The reason why you are getting much higher Rsq for single channel platforms is that you are not computing Rsq correctly, in particular the expression for sst is not correct. The calculation you are using will give incorrectly large values for both platforms, slightly too large for the two colour platform and very much too large for the single channel platform.

I won't give you corrected formulas, because Rsq doesn't seem very useful to me. It just computes correlation between the predictor and the log-expression values, i.e., evaluates differential expression, and the topTable results from limma are a better way to achieve the same aim. You could even transform the moderated t-statistics to correlations if you wanted (but why would you?).

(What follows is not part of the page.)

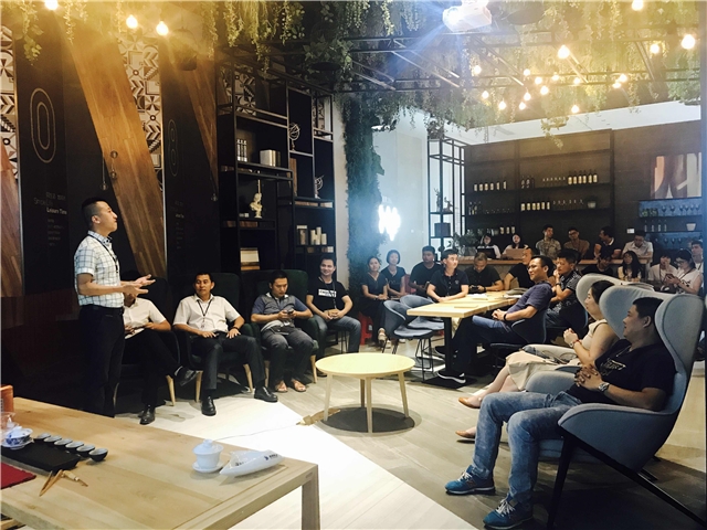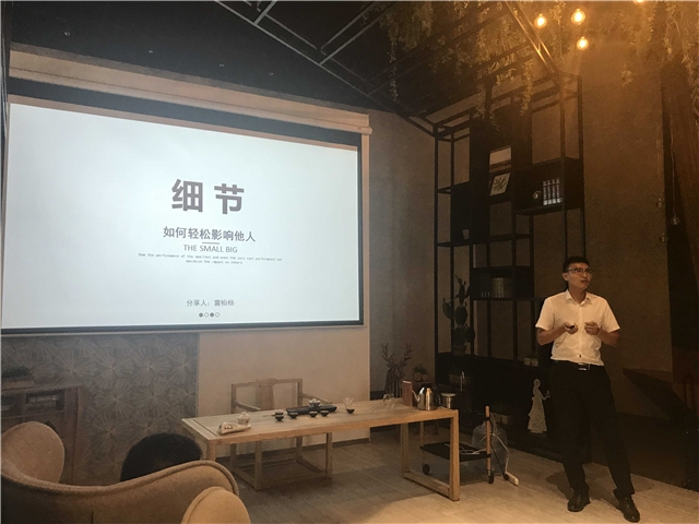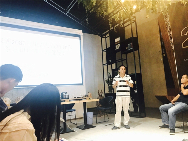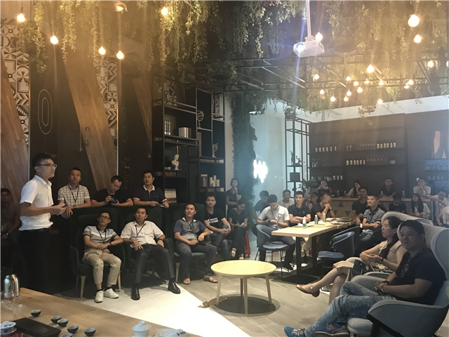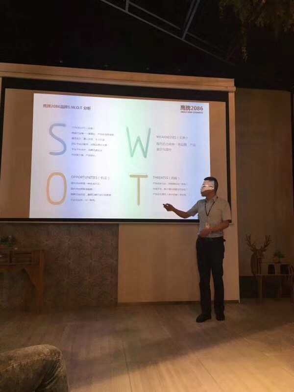 第二天,年中拓展的教练回访,针对拓展的心得以及拓展是制定的品牌策略,许下的承诺进行确认考察;市场部王经理结合所听的营销大师的课程与鹰牌2086的品牌发展,思考鹰牌2086的发展战略;业务经理雷柏杨就最近看的一本书,结合日常与客户沟通交往的经验,分享一些营销谈判或交谈是的细节问题;业务经理吴岳洲分享了作为一个潮汕人,从小耳濡目染的潮汕茶文化,并在黄炜经理的演奏下,表演了茶道,搭档默契十足。

If you want to compare the precision of the different microarray platforms, see this article for a careful platform comparison:

http://www.ncbi.nlm.nih.gov/pubmed/17118209

See the following article for a theoretical discussion of when a two colour common reference experiment will outperform a single channel version of the same platform:

http://www.biomedcentral.com/1471-2105/14/165

But that doesn't mean that an early home-made two-colour array (as used for the ApoA1 case study) will perform better than a commercial single channel array with a completely different chemistry (as used for the E coli case study).